Version 0.3 (accepted)

· Apr 3, 2021 · Academic Editor

Accept

Dear Dr. Karimi and colleagues:

Thanks for revising your manuscript based on the concerns raised by the reviewers. I now believe that your manuscript is suitable for publication. Congratulations! I look forward to seeing this work in print, and I anticipate it being an important resource. Thanks again for choosing PeerJ to publish such important work.

Best,

-joe

[# PeerJ Staff Note - this decision was reviewed and approved by Paula Soares, a PeerJ Section Editor covering this Section #]

Version 0.2

· Feb 23, 2021 · Academic Editor

Minor Revisions

Dear Dr. Karimi and colleagues:

Thanks for revising your manuscript. The reviewers are very satisfied with your revision (as am I). Great! However, there are a few minor issues to address. Please address these ASAP so we may move towards acceptance of your work.

Best,

-joe

Reviewer 1 ·

Basic reporting

No new comment.

Experimental design

No new comment.

Validity of the findings

No new comment.

Additional comments

Thanks to the authors for addressing most of my comments. The manuscript is now clearer and richer. I have still one major comment and few minor comments.

Major comments:
- The authors evaluated the quality of the reconstructions by counting the number of orphan and dead end metabolites. They claim that "The lower these values the more connected a metabolic network is". I think that this statement is not always true. We can imagine a network with a lot of dead end (outputs of the network) and orphans (inputs) that contains a single connected component. On the contrary, a network with less dead ends and orphans can be divided into several connected components. I think that the number of connected components (and optimally, the distribution of their sizes and the size of the biggest component) should complete these indices.
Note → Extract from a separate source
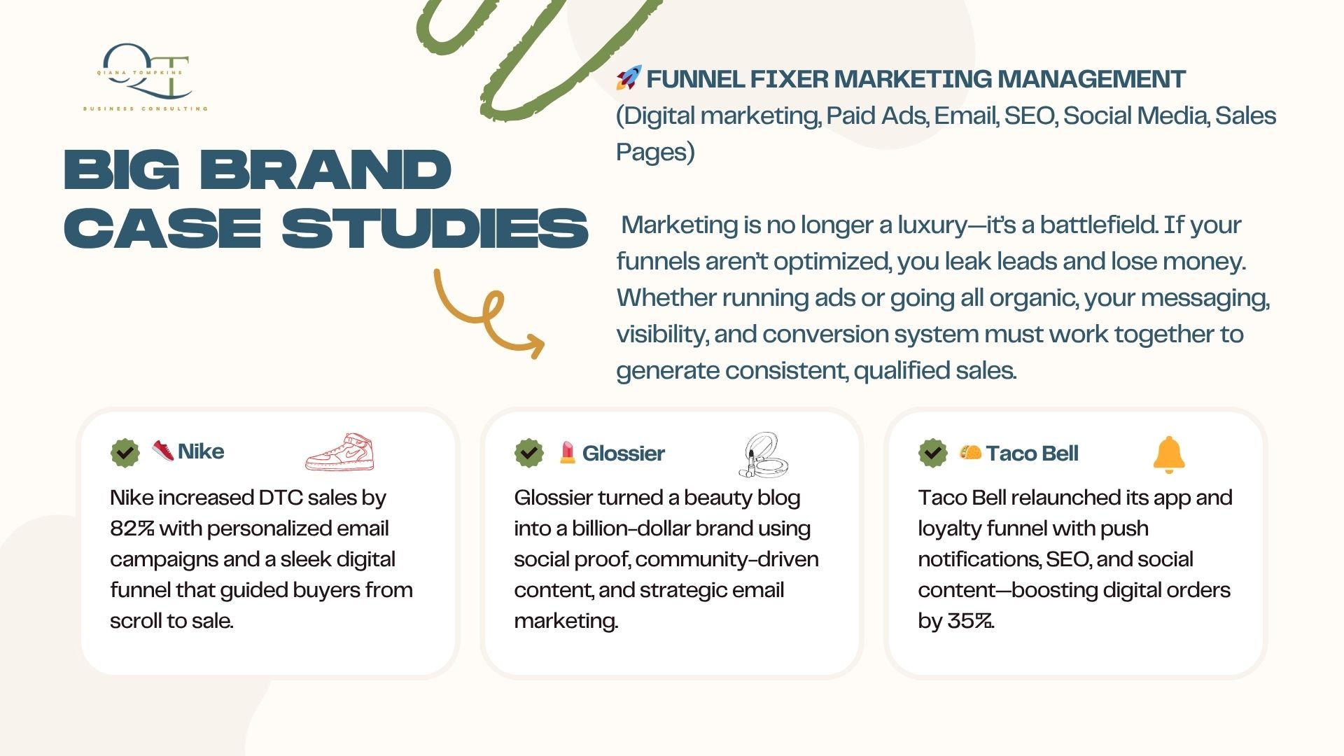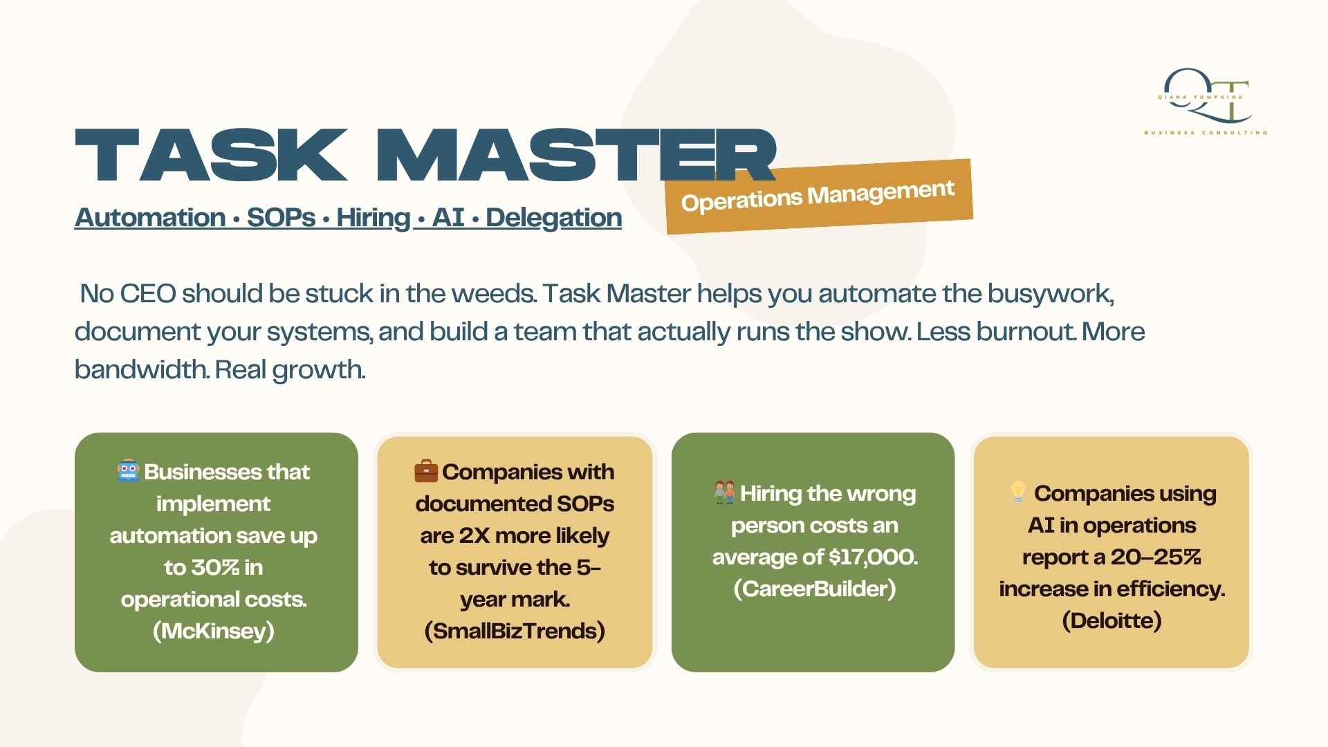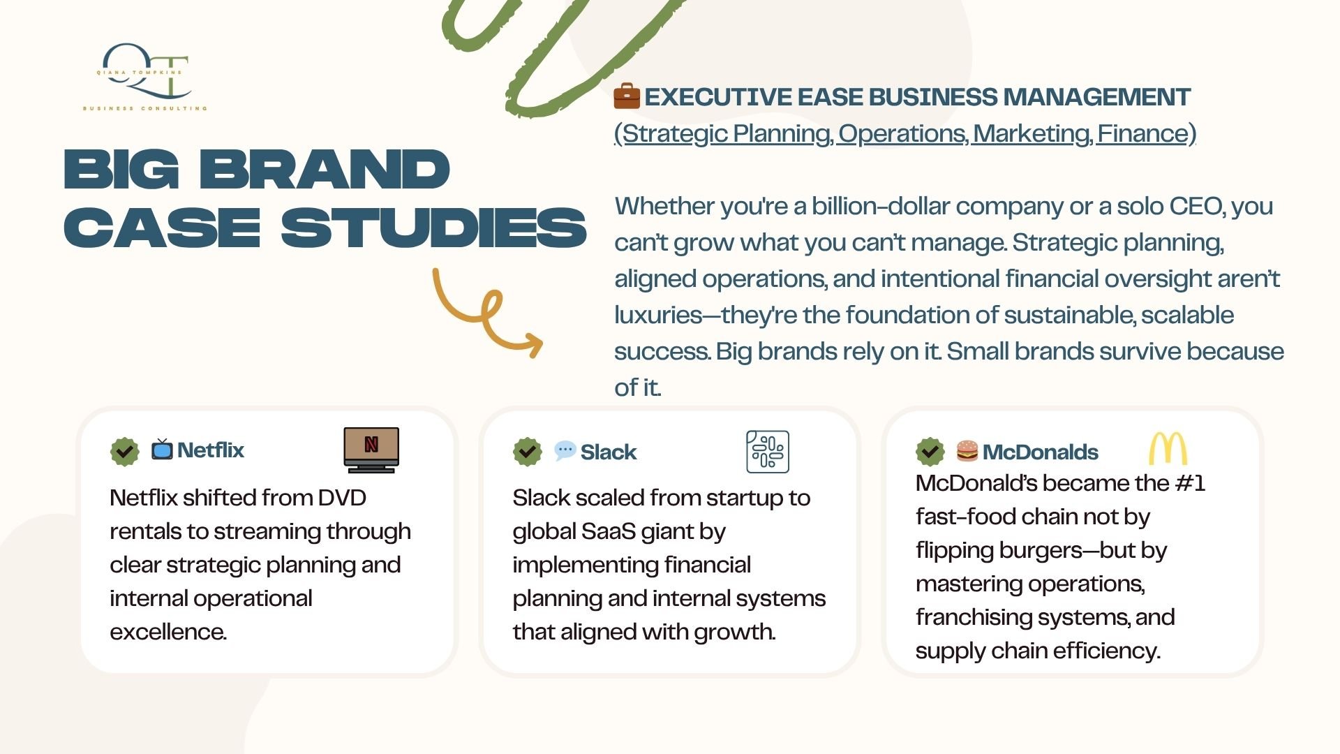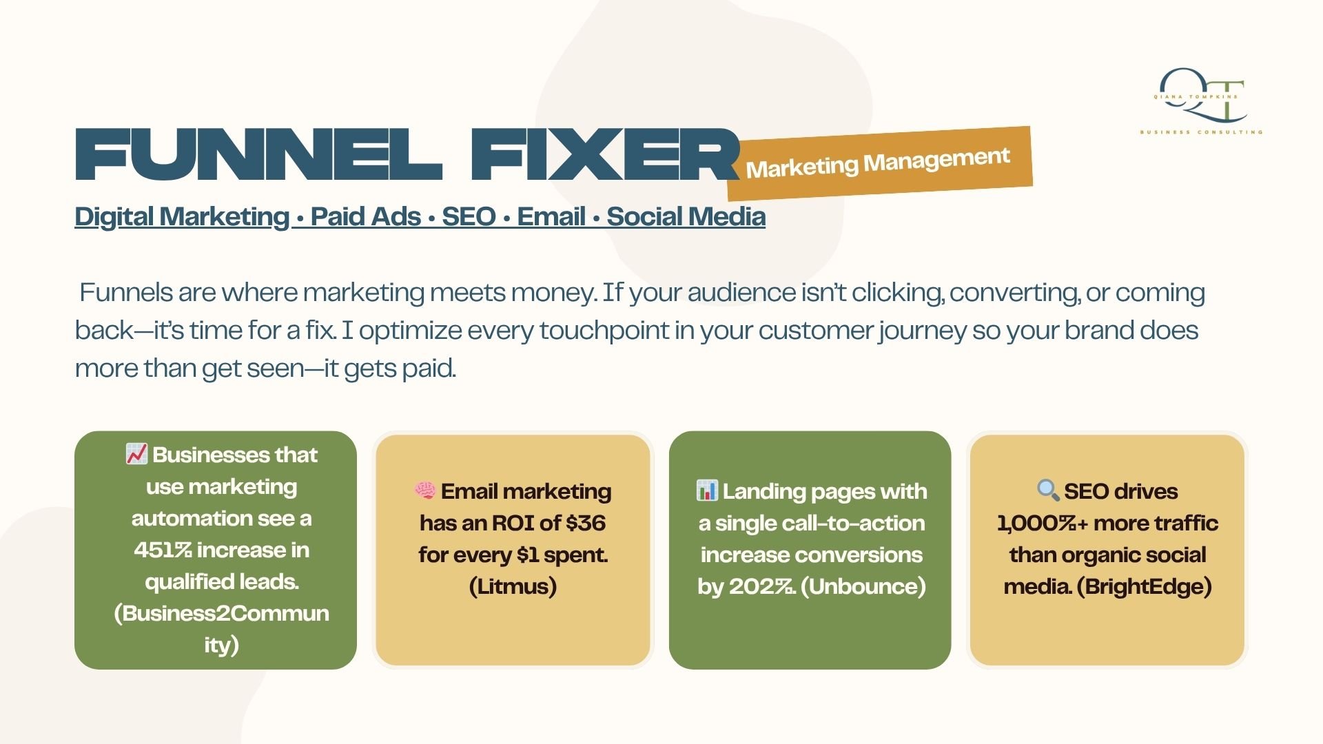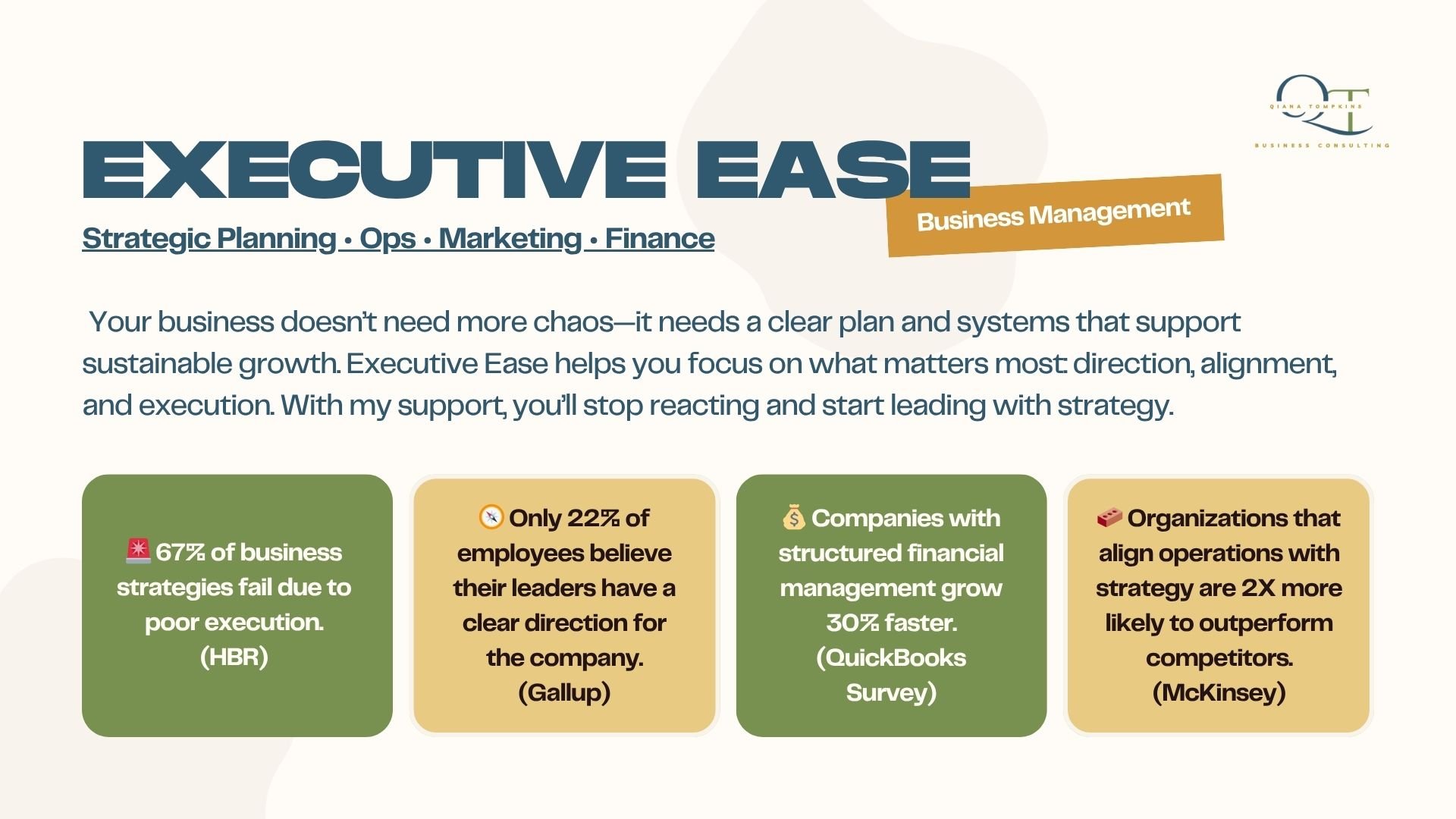 I specialize in helping e-commerce and service-based entrepreneurs like coaches, consultants, creatives, and experts, who are ready to scale without burning out. If you're tired of winging it and want a sustainable structure, you're my kind of client.

I think that these connected components should be computed by removing ubiquitous metabolites, such as ATP, water, etc... Furthermore, it's clear that the number of connected components will strongly affect the results of the Miscoto algorithm.



Minor comments:
l 111 : had -> had been (or has been ?)
l 129 : conversion to SBML already mentioned in the previous paragraph
l 190 : In terms of EC numbers, Prokka predicted more than the other pipelines -> I'm not sure that this sentence is grammatically correct.
Fig 2 : What do represent the grey polygones ? If the authors don't comment them, they sould remove them to make the figure clearer.
l 342 : With the new EC number comparative analysis, this statement is not completely true anymore.
l 355 : to reconstructed -> to reconstruct

Reviewer 2 ·

Basic reporting

NA

Experimental design

NA

Validity of the findings

NA

Additional comments

The revised manuscript addresses my comments and questions well and I think it is now ready to be published at Peer J.

Reviewer 3 ·

Basic reporting

See General Comments below.

Experimental design

See General Comments below.

Validity of the findings

See General Comments below.

Additional comments

The changes to the manuscript made by the authors addressed most of my comments. I feel the revision is a much more approachable version of the manuscript and more effectively communicated the results.

There is some proofreading required, but it is minor.
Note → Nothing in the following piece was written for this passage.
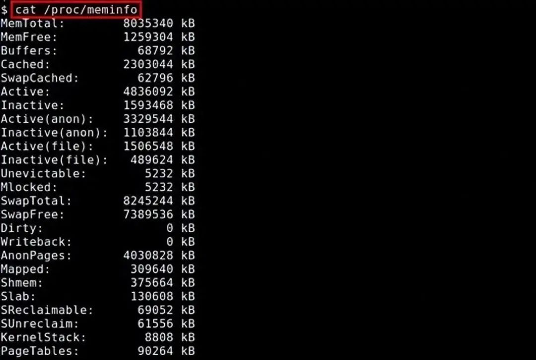 查看RAM使用情况最简单的方法是通过 /proc/meminfo。这个动态更新的虚拟文件实际上是许多其他内存相关工具(如:free / ps / top)等的组合显示。/proc/meminfo列出了所有你想了解的内存的使用情况。进程的内存使用信息也可以通过 /proc/<pid>/statm 和 /proc/<pid>/status 来查看。

The manual curation of select reactions was a welcome addition. I was hoping for a more clear root-cause for the differences in the pipelines but it seems that it is elusive (no fault of the authors!).

The only thing I would have liked to have seen would been an adjustment of the pipeline parameters to a more stringent version. It is possible the pipelines converge on a largely consistent "core" reconstruction for reactions with high homology but the low homology content is highly affected by the underlying databases used by the different pipelines. In general, the e-value cutoff of 10e-5 or 10e-6 is very forgiving (in my experience of performing manual reconstructions) and will lead to many ambiguous reactions being added. The authors stated in their response that they "deliberately chosen to take the perspective of a standard user" but I would argue the standard user who came across this manuscript would greatly appreciate finding a study that performed some perturbation of the standard parameters.

This also ties into the final comment in the discussion about manual curation and the cost-benefit trade-off of time and reconstruction accuracy. It is very helpful to have an automated process to establish the core reconstruction and flags the ambiguous content for manual curation. I feel like this study is the perfect venue to explore the stringency parameters and the impact on the core reconstruction.

The study is still sound, but I do feel this is a missed opportunity that would increase the scientific contribution of the work.

Version 0.1 (original submission)

· Nov 10, 2020 · Academic Editor

Major Revisions

Dear Dr. Karimi and colleagues:

Thanks for submitting your manuscript to PeerJ. I have now received three independent reviews of your work, and as you will see, the reviewers raised some major concerns about the research (and the manuscript). Despite this, these reviewers are optimistic about your work and the potential impact it will have on research on bioinformatics approaches to analyzing algal microbial communities. Thus, I encourage you to revise your manuscript, accordingly, taking into account all of the concerns raised by both reviewers.

The overall major criticism across the three reviews pertains to adequately comparing different annotation pipelines. Your revision should strive to be more robust with these explanations and comparisons. Your manuscript also seems to fall short in effectively conveying the broader applicability to the community.

There are many minor problems pointed out by the reviewers, and you will need to address all of these and expect a thorough review of your revised manuscript by these same reviewers.

I agree with the concerns of the reviewers, and thus feel that their suggestions should be adequately addressed before moving forward. Therefore, I am recommending that you revise your manuscript, accordingly, taking into account all of the issues raised by the reviewers.

I look forward to seeing your revision, and thanks again for submitting your work to PeerJ.

Good luck with your revision,

-joe

Reviewer 1 ·

Basic reporting

No comment.

Experimental design

No comment.

Validity of the findings

No comment.

Additional comments

The authors present a comparative analysis about the effect of the choice of gene annotation methods on metabolic reconstructions and on the inference of minimal bacterial communities. The paper is well written and provides the necessary sources and materials.
The topic of this analysis is very important. Indeed, we know that metabolic reconstruction is affected by the identification of enzymatic functions from the genome. But this effect is rarely measured. As shown here, its effect on analyzes performed from metabolic reconstructions can be also very significant. But unfortunately the article does not go very beyond this observation...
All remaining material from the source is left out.